Six new DNA variants were detected in the intronic regions of CSN1S1, CSN2, and CSN3. Three out of these six new DNA variants were detected in two different CSN2 intron regions in a single DSN bull only. Because of the relatively stringent quality filter for sequencing data of at least three reads to one allele, we are reasonably confident that these three SNPs are real. However, a sequencing failure in this animal cannot be fully excluded. Three additional new SNPs that were detected in DSN and other breeds are reliable because of their frequencies and their occurrence in different breeds.
Casein Protein Variants
No variation was detected in the two α-caseins in DSN. In the 30 sequenced animals, only the CSN1S1*B and CSN1S2*A variants were detected, while in Holstein the protein variants CSN1S1*C and CSN1S2*D were detected at low frequencies. However, since the investigated DSN population was small, we cannot exclude additional αS1 and αS2 protein variants; for example, variant CSN1S1*C has recently been detected in DSN (Hohmann et al., 2018).
In other breeds selected for high milk yield, the CSN1S1*B variant was reported to be fixed (Caroli et al., 2003). For DSN, which is a dual-purpose breed, CSN1S1*B is the only variant detected in our study. Interestingly, Jersey cattle, which were selected for high fat and protein content, showed the lowest frequency for CSN1S1*B (51.9%) and the highest frequency for CSN1S1*C (44.8%), which might mean a positive effect on protein and fat content for the CSN1S1*C variant. Since CSN1S1*C was recently detected in DSN (Hohmann et al., 2018), this might provide an opportunity for DSN breeders to increase the percentage of milk fat and protein in DSN by actively searching for and breeding with animals carrying the CSN1S1*C variant.
The A 1 variant of the β-casein has a frequency of 82.9% in DSN, which is much higher than in other breeds. Compared to earlier results from the DSN population, an overestimation of this variant (DSN Brandenburg CSN2*A 1 = 67% frequency; Hohmann et al., 2018) could result from the small sample size in our data. This overestimation goes probably to the disadvantage of the β-casein variant A 2, which we only detected by a frequency of 15.4% in DSN (DSN Brandenburg CSN2*A 2 = 31% frequency; Hohmann et al., 2018). The I variant of β-casein showed a frequency of 1.7% in our DSN population. While all casein variants that occur in DSN were also found in Holstein, the reverse situation is not true.

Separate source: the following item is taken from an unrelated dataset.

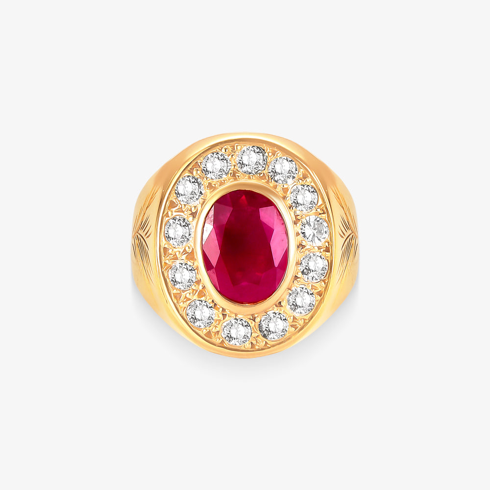 Anel Glória Oval com Diamante e Rubi Natural em Ouro Amarelo 18K

Since our study used SNPs to predict protein variants, we are not able to detect some known casein variants which can only be found using protein analysis. As an example, our study is unable to estimate the occurrence of CSN2*C since the dephosphorylation of Ser35P into a unphosphorylated Ser in CSN2 happens posttranslational and can only be investigated at the protein molecule level (Gallinat et al., 2013). Other studies on the DSN population show the existence of the CSN2*B variant with low frequencies (DSN Brandenburg CSN2*B = 2% frequency; Hohmann et al., 2018). In further investigations, the sequence on protein level should be examined parallel to the DNA sequence.
With a frequency of 83.2%, the A variant of κ-casein is the most common in DSN, followed by CSN3*B (13.3%) and CSN3*E (3.5%). The variant frequencies agree with previous findings by Hohmann and colleagues (Hohmann et al., 2018). In contrast to Holstein, no additional κ-casein protein variant could be found in DSN. The E variant, which influences cheese making properties in a presumably negative way (Caroli et al., 2009), was detected in six breeds including DSN at a low frequency. A low frequency is also occurring in Holstein (4.6%) and Danish Red (3.6%). However, increasing the E variant in the population should be selected against in DSN.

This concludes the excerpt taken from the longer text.